** WHAT YOU NEED TO DO **
Starting at the line that contains "茱萸CORNUS 仿羊绒国风披肩女汉服显白闺蜜唐风宝相花" and stopping at the line that contains "The kitchen is", transcribe every line of the material below exactly; pictures stay out.

** DATA PROVIDED **
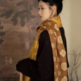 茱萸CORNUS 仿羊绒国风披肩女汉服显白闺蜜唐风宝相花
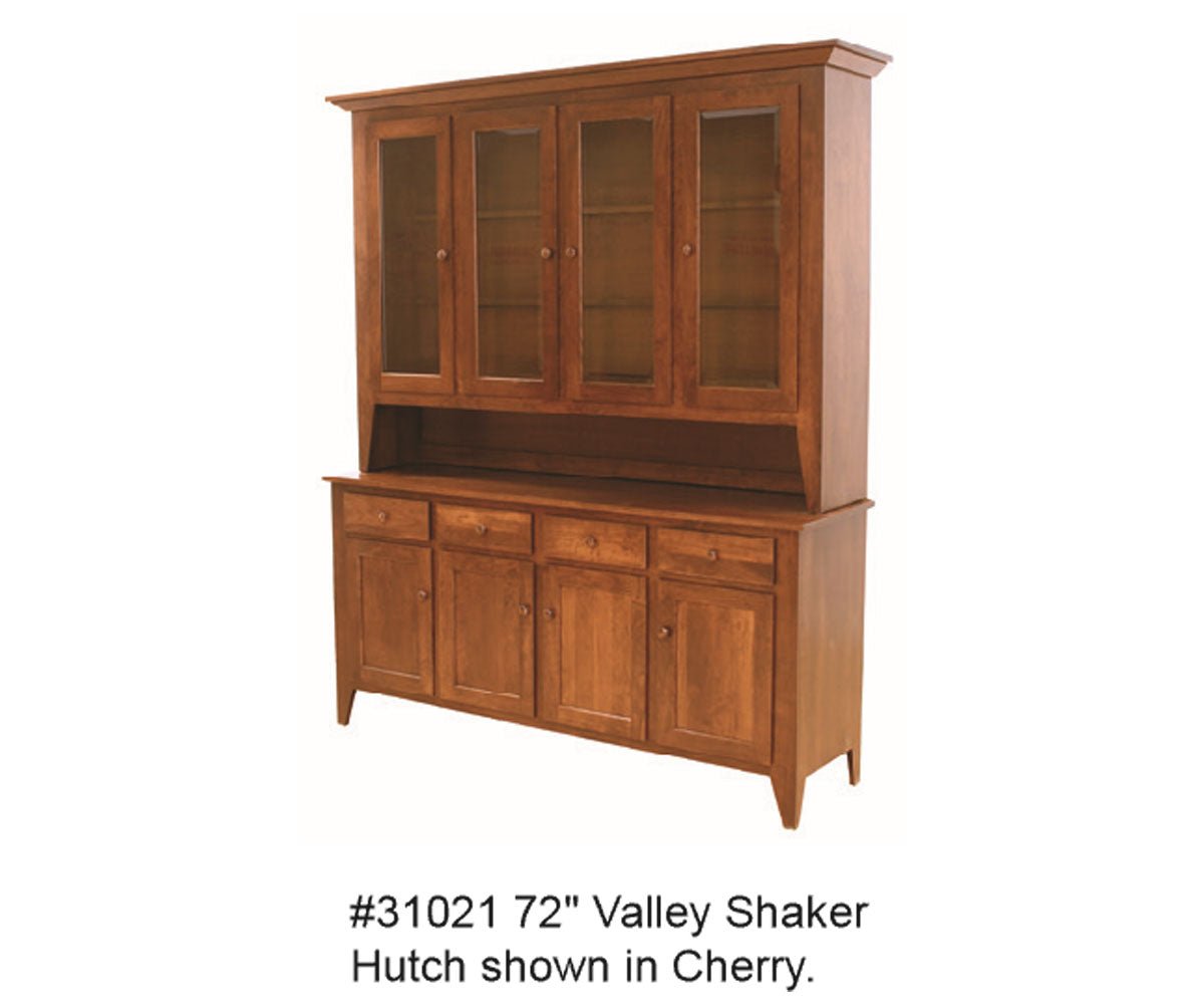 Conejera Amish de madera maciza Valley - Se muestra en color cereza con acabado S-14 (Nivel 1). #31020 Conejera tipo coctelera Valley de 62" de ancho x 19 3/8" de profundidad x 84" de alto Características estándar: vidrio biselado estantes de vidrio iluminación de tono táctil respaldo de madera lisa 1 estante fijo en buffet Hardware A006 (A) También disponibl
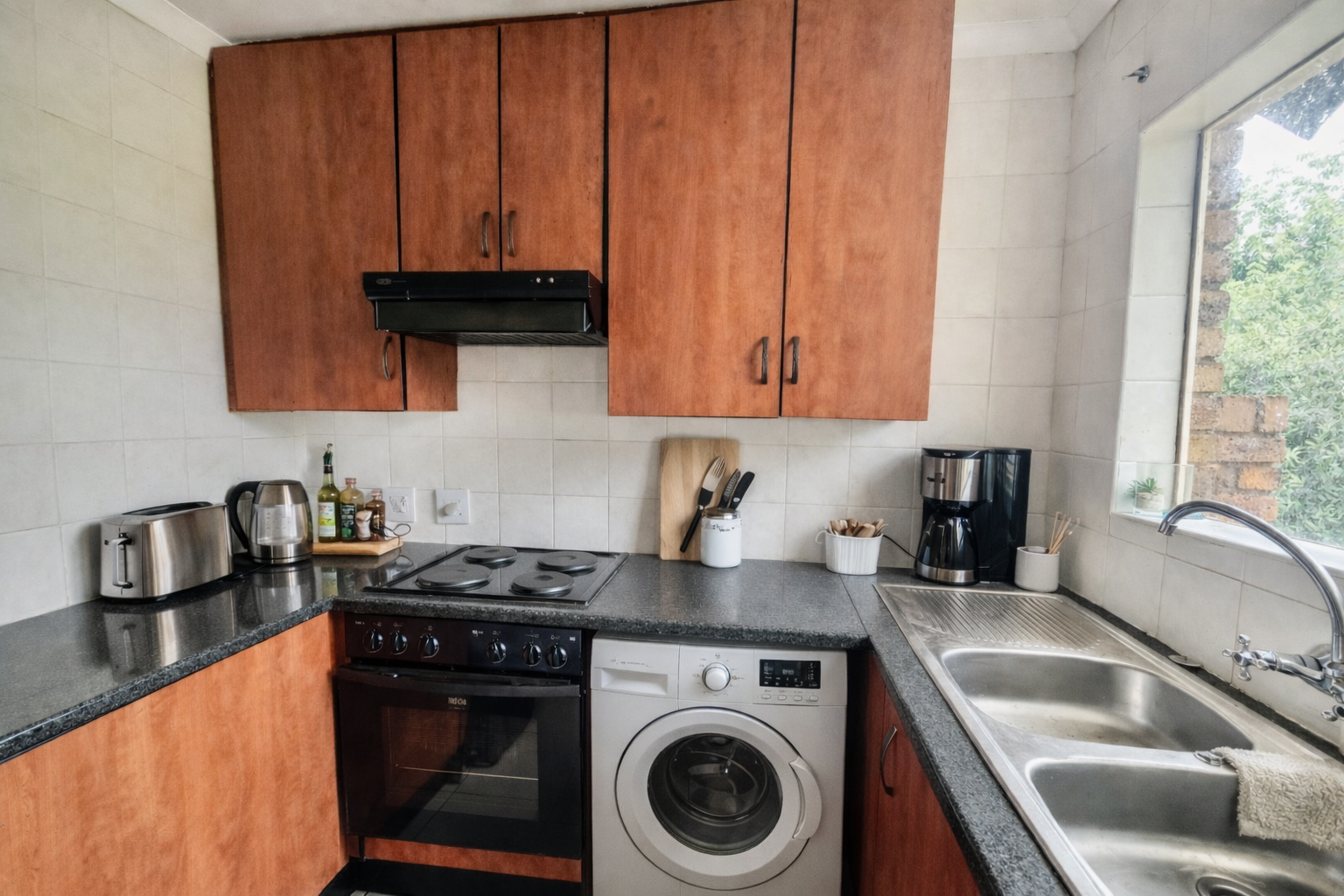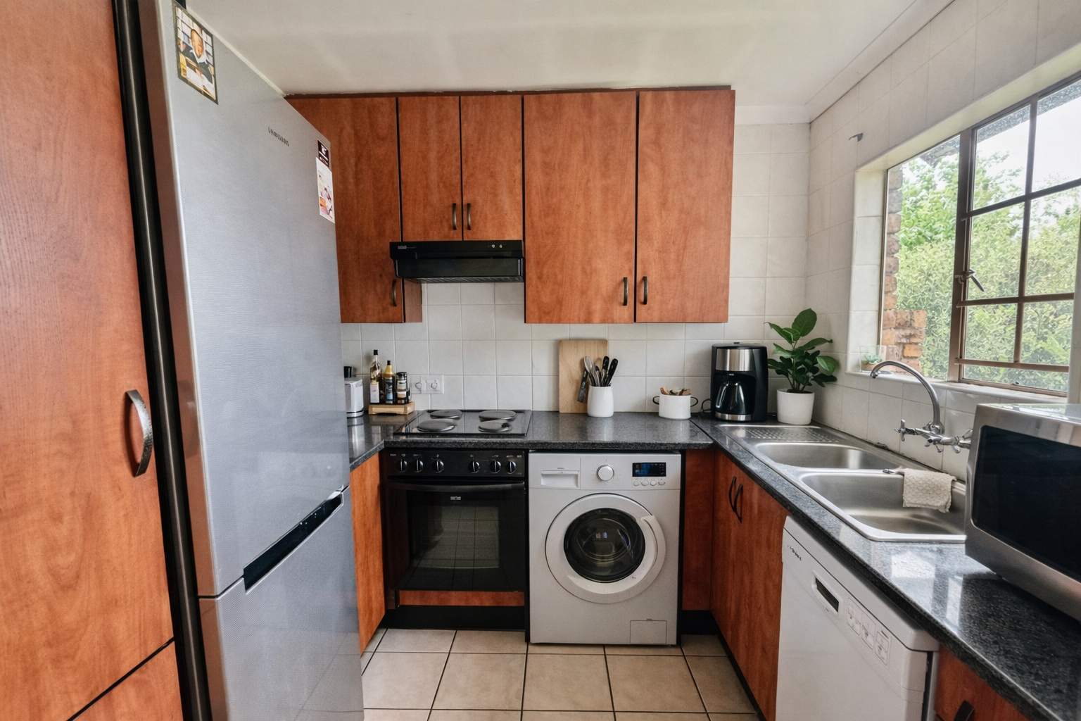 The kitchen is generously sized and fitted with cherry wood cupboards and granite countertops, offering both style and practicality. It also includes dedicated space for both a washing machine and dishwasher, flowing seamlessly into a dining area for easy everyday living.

---

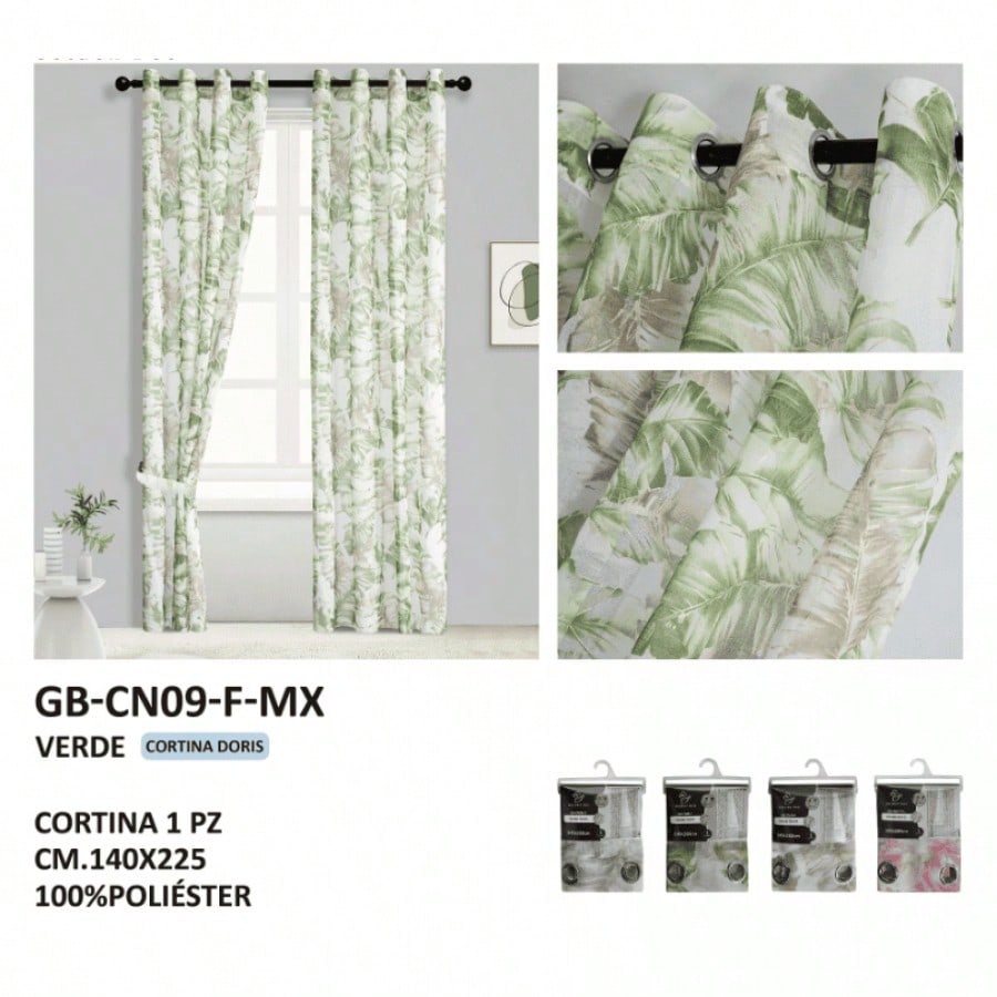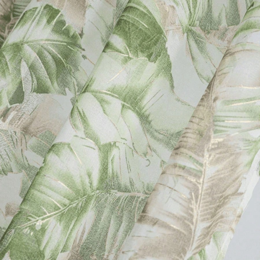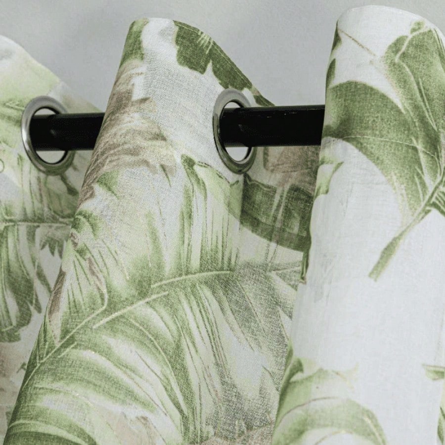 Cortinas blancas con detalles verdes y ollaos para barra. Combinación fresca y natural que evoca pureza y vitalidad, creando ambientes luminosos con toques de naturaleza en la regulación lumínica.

...

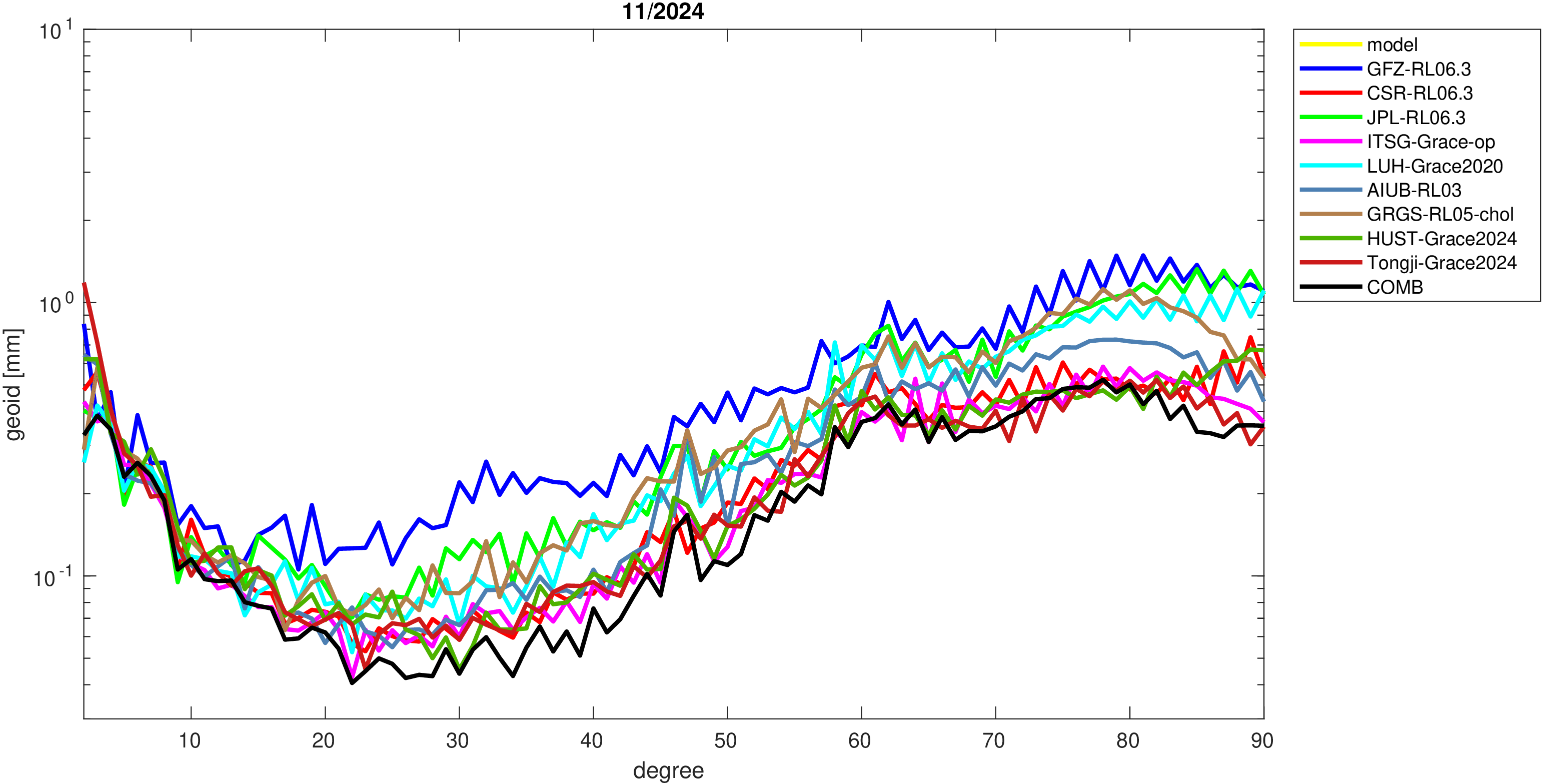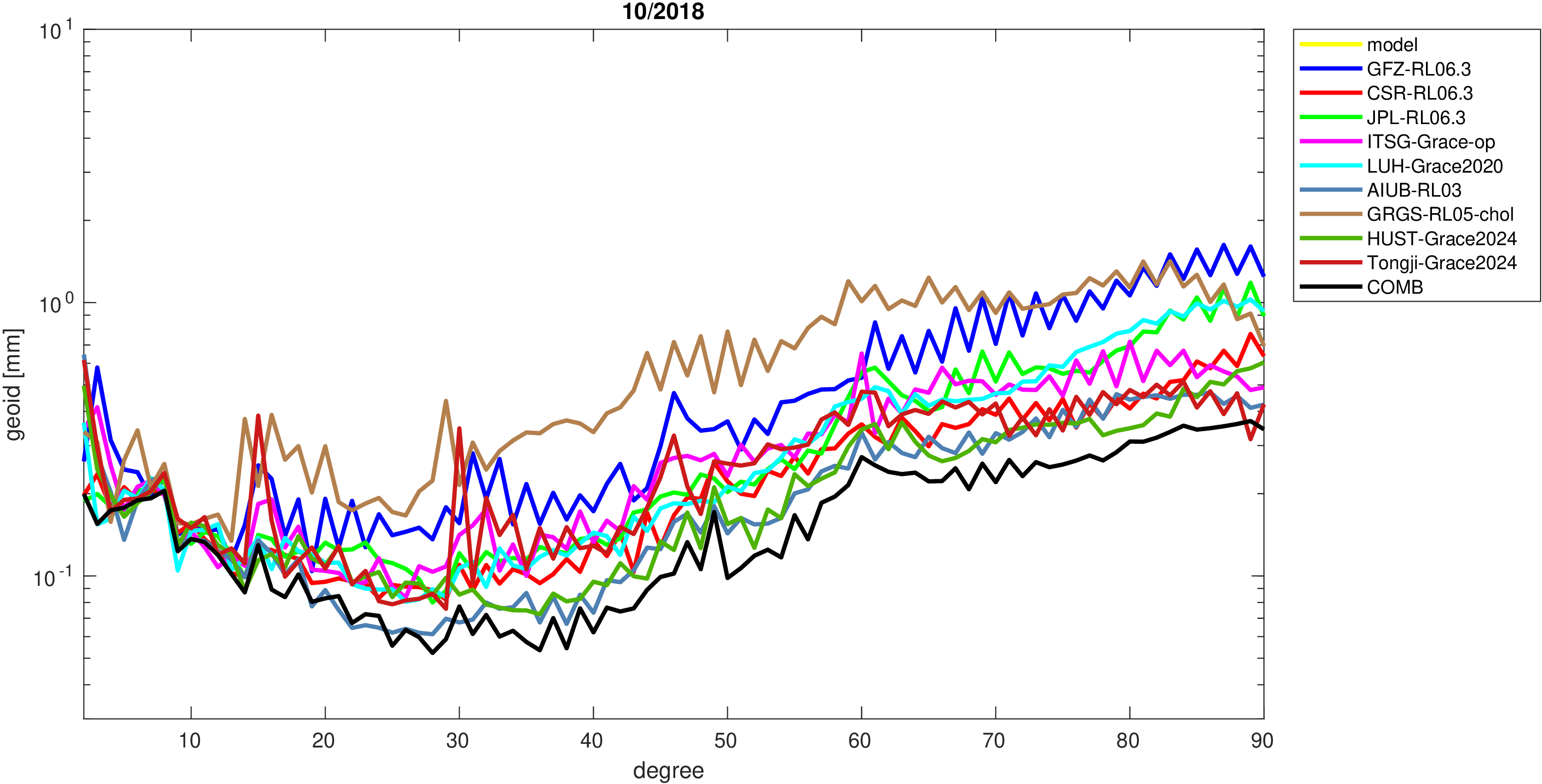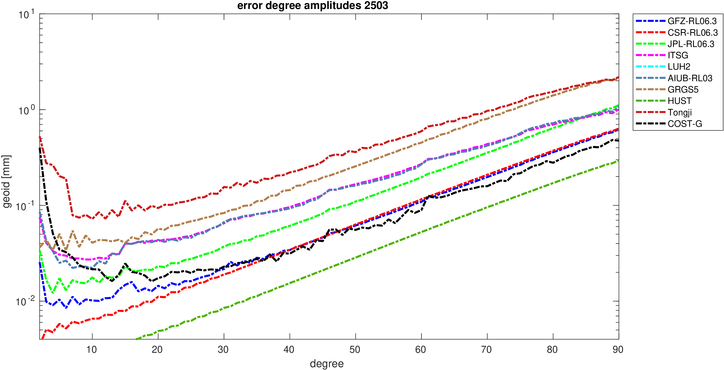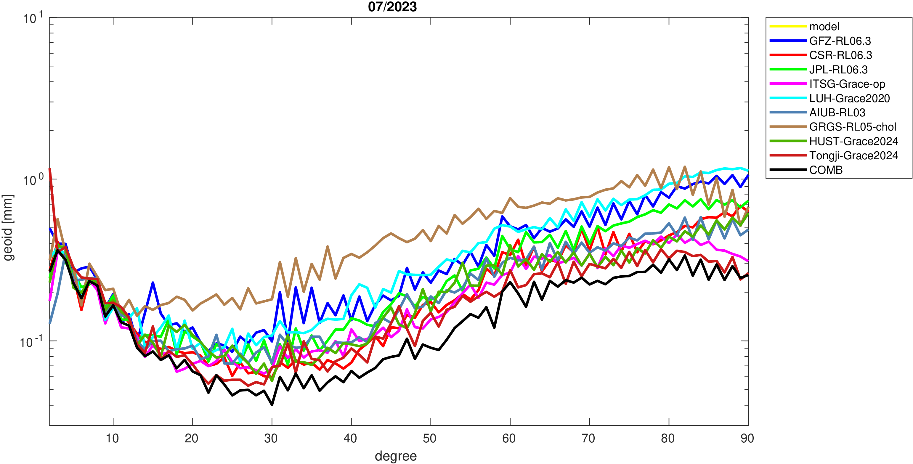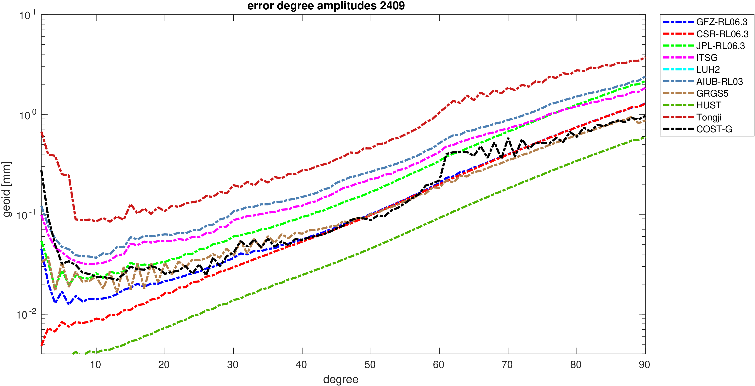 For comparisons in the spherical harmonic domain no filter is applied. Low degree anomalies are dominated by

** SOLUTION **
 茱萸CORNUS 仿羊绒国风披肩女汉服显白闺蜜唐风宝相花
 Conejera Amish de madera maciza Valley - Se muestra en color cereza con acabado S-14 (Nivel 1). #31020 Conejera tipo coctelera Valley de 62" de ancho x 19 3/8" de profundidad x 84" de alto Características estándar: vidrio biselado estantes de vidrio iluminación de tono táctil respaldo de madera lisa 1 estante fijo en buffet Hardware A006 (A) También disponibl
 The kitchen is generously sized and fitted with cherry wood cupboards and granite countertops, offering both style and practicality. It also includes dedicated space for both a washing machine and dishwasher, flowing seamlessly into a dining area for easy everyday living.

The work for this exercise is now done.